We finally staggered into Trenta at around 6 pm, eager to discover the organic farm and hostel run by Polona’s friend Stanka. However, on reaching the main square of the tiny village (and getting another marker point on our Alpe-Adria app) we discovered that the farm was another 2.5 km further on, with another climb to reach it along a narrow road, where we lost the trail again and went another few hundred metres out of our way. Fortunately, Polona had called ahead to say we would be wanting dinner. When we arrived at the farm at 6:40, Stanka’s youngest son informed us that dinner was at 7 o’clock. He showed us to our accommodation in the hayloft (more about that in the next paragraph) and, after a quick shower, we took our seats at 7:05 for a terrific dinner served by Stanka’s husband and their oldest son: lentil soup, then a salad of freshly picked tomatoes, followed by pork and lamb sausage, served with a blend of rice, spelt and barley, veggies and a little fresh sheep’s cheese, and finally, for dessert, a plum crumble with a layer of crème pâtisserie between the fruit and crust. This was washed down by a delicious local hemp beer before a bottle of “digestive” schnapps was left on our table to conclude the meal. Apart from the hemp beer, everything that we consumed (including the schnapps) had been produced on the farm. One of the best meals since setting off 21 days earlier. Stanka had been slaving away in the kitchen throughout dinner, but we got to talk to her after just outside the hayloft and she turned out to be a lovely lady, kind and generous (as we had sensed from her cooking).

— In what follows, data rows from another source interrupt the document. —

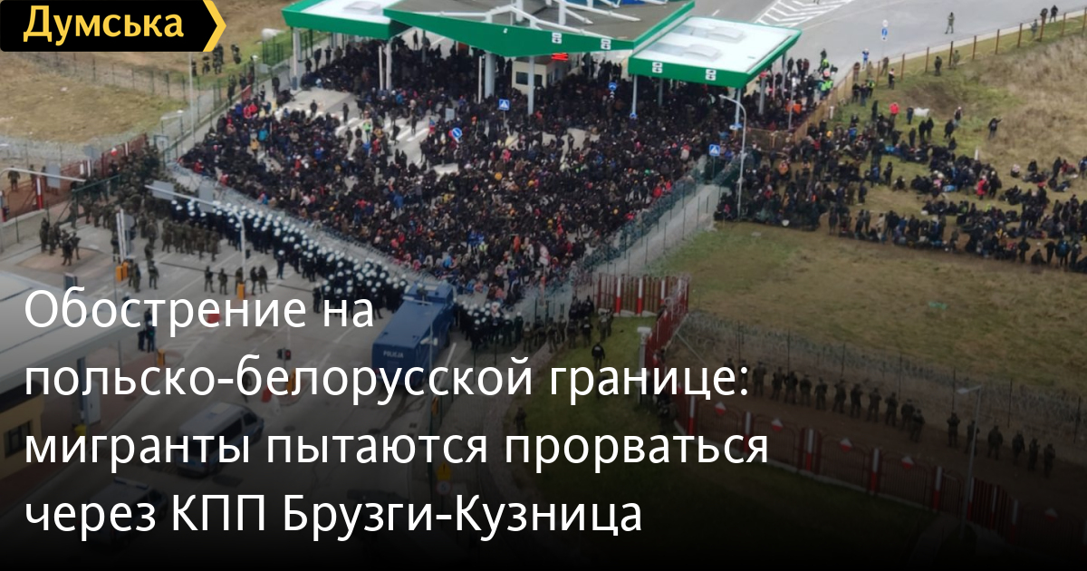 Обострение на польско-белорусской границе: мигранты пытаются прорваться через КПП Брузги-КузницаНесколько тысяч нелегальных мигрантов собрались возле пункта пропуска Брузги-Кузница, чтобы пройти к пограничному переходу и попасть в Польшу. Об этом сообщает «Радио Свобода» с места событий. По данным белорусских пограничников, на пограничном переходе находятся около 2100 мигрантов. Некоторые люди подошли вплотную к колючей проволоке, которая защищает границу Польши. Также сообщается, что мигрантам удалось сломать часть ограждения с белорусской стороны границы. Польская полиция начала информировать мигрантов о недопустимости пребывания у польской границы. Людей предупреждают, что их обманули белорусские силовики. Они якобы распространили фейк, что за мигрантами выехали автобусы из Германии. СМЕРТЬ РОССИЙСКИМ ОККУПАНТАМ! Заметили ошибку? Выделяйте слова с ошибкой и нажимайте control-enter |
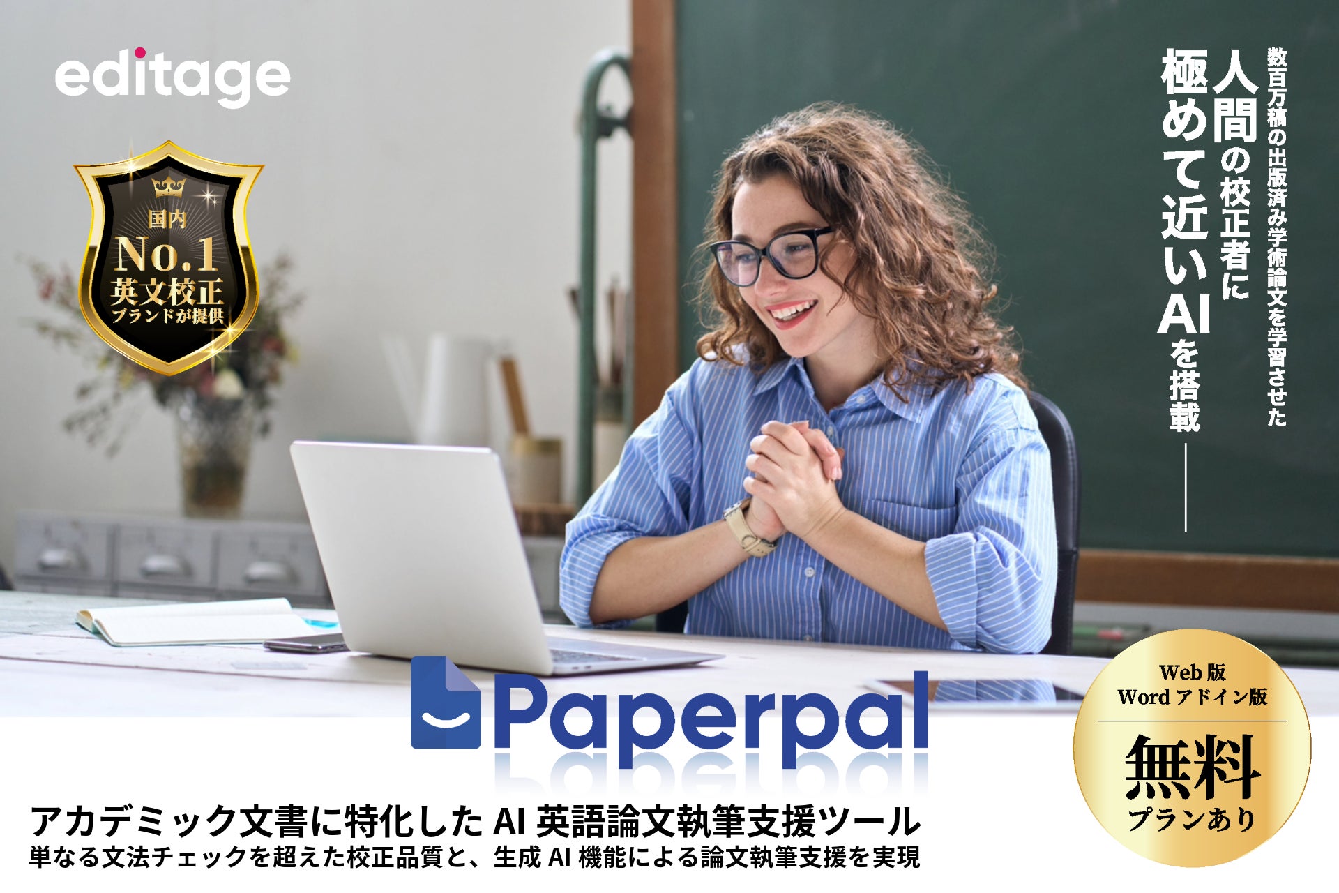 AI英語論文執筆支援ツールPaperpalは、科学コミュニケーションとテクノロジー企業であるカクタス・コミュニケーションズ (https://cactusglobal.com/jp/)が提供するサービスブランドです。Paperpalに使われるAI技術は、出版された論文の学習に加え、20年以上に渡って英文校正ブランドであるエディテージの熟練の学術校正者が蓄積してきた校正ノウハウを学習させることにより作られています。Paperpalを利用することで、プロ校正者の英文チェックに極めて近い、正確で文脈に合った英語表現の提案や、AIによる単語削減、書き換えなどのサポートをリアルタイムで得ることができます。
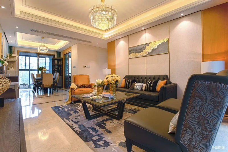 极具时尚设计格调的透明茶几,不仅中和了沙发的厚重感,还令空间更为清透明亮!
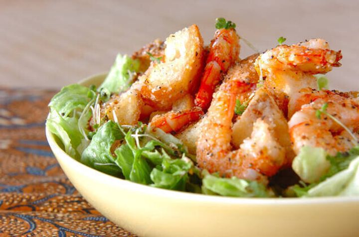 フライパンでつくれるえびトースト。食パンを揚げ焼きにしたサクサク食感もポイントです!味つけにこしょうやにんにくを使っているので、おつまみにもぴったりですよ。
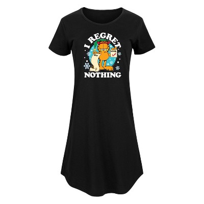 Garfield - I Regret Nothing - Toddler And Youth Girls Fit And Flare Dress - Bring the humor and laziness of the famous orange cat to your wardrobe with Garfield graphic apparel. Featuring Garfield, Odie, and Jon, these designs celebrate the iconic comic strip and its beloved characters.
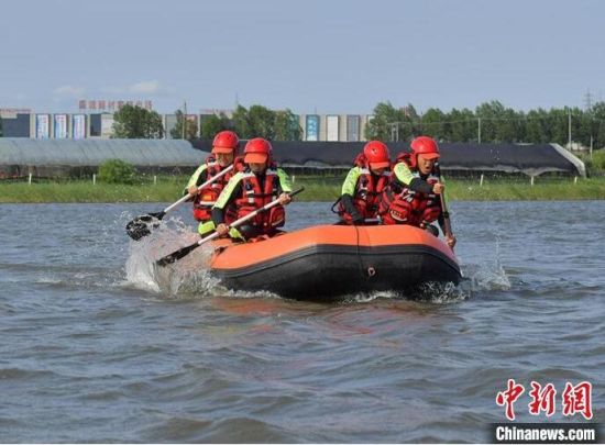 森林消防在水面上進(jìn)行無動力劃艇。
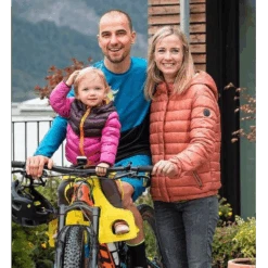 Da sich der Schwerpunkt weiterhin zwischen den zwei Rädern befindet, merkt man kaum einen Unterschied bezüglich des Fahrverhaltens. Der Sitz ist mit 900 Gramm ein Leichtgewicht und lässt sich auf jedem Fahrrad mit Oberrohr montieren. Selbst breite Rahmen (z.B. Ebike) sind kein Problem. Die Befestigung ist einfach und der Sitz kann innerhalb weniger Minuten montiert oder demontiert werden, ohne dass dafür Werkzeug benötigt wird. Der Rahnen wird geschont. Das Kind wird an der Hüfte und an den Füssen mit Sicherheitsgurten gesichert.
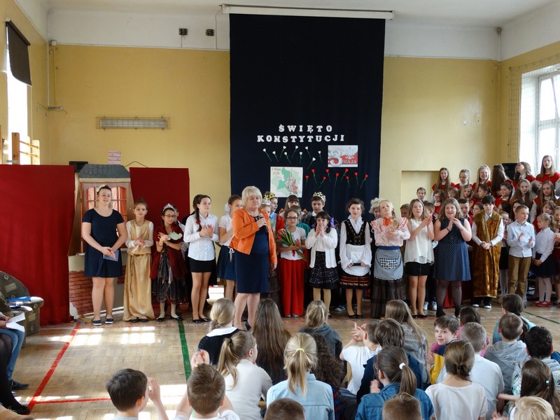 Uczniowie dużej Jedynki przygotowali uroczysty apel z okazji rocznicy uchwalenia Konstytucji 3 Maja.

After another exhausting day of over 10 hours on the trail, we were eager to sleep. On Polona’s advice, we had booked two places in the hayloft. We didn’t really know what to expect, and I feared that my allergies would kick in during the night, but we ended up having a terrific sleep in the loft that we shared with a German couple who had been traveling around Croatia and Slovenia, and a family of five from Ljubljana. We slept on sheets spread out over a wonderfully fresh smelling layer of hay, with warm quilts (we were still at 800 m altitude) and comfy pillows. We didn’t wake once in the night and there wasn’t the usual snoring that makes sleeping in mountain huts so problematic (maybe the fresh hay has an anti-snoring effect). A wonderful conclusion to a very tough day and the end of our third week of hiking.